> WORK ITEM
When writing out the entries below, keep only the lines from the line with "Создавая домик для" to the line with "Торт я делала", both included, exactly as they are, and leave the pictures aside.

> DATA FOR THE TASK
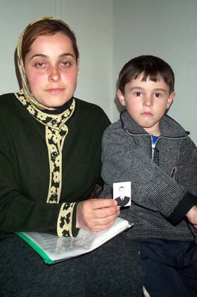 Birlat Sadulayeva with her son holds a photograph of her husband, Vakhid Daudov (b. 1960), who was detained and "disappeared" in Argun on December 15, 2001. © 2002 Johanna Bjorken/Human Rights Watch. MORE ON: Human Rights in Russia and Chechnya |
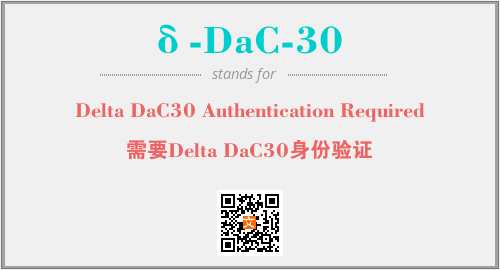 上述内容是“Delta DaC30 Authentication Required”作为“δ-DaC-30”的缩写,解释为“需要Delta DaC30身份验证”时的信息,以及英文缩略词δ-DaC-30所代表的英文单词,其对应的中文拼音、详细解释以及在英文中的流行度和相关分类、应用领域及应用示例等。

==

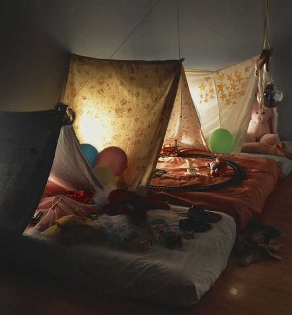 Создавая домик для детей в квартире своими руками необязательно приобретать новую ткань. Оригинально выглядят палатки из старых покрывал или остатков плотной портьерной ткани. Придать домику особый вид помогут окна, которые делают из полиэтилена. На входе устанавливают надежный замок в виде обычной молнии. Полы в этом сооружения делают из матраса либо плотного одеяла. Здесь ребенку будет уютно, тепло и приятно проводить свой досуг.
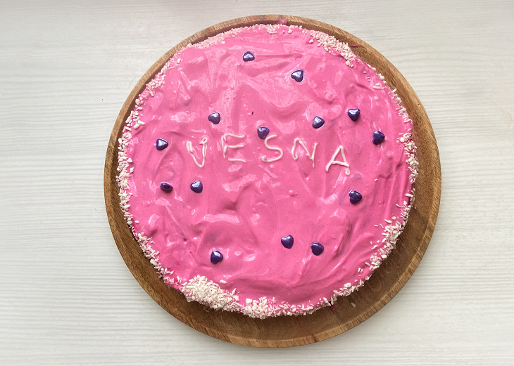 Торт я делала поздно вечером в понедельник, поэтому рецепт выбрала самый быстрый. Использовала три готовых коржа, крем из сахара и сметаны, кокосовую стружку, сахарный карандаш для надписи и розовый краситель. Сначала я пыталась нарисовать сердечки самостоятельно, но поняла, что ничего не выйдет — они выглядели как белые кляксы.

> THE ANSWER
 Создавая домик для детей в квартире своими руками необязательно приобретать новую ткань. Оригинально выглядят палатки из старых покрывал или остатков плотной портьерной ткани. Придать домику особый вид помогут окна, которые делают из полиэтилена. На входе устанавливают надежный замок в виде обычной молнии. Полы в этом сооружения делают из матраса либо плотного одеяла. Здесь ребенку будет уютно, тепло и приятно проводить свой досуг.
 Торт я делала поздно вечером в понедельник, поэтому рецепт выбрала самый быстрый. Использовала три готовых коржа, крем из сахара и сметаны, кокосовую стружку, сахарный карандаш для надписи и розовый краситель. Сначала я пыталась нарисовать сердечки самостоятельно, но поняла, что ничего не выйдет — они выглядели как белые кляксы.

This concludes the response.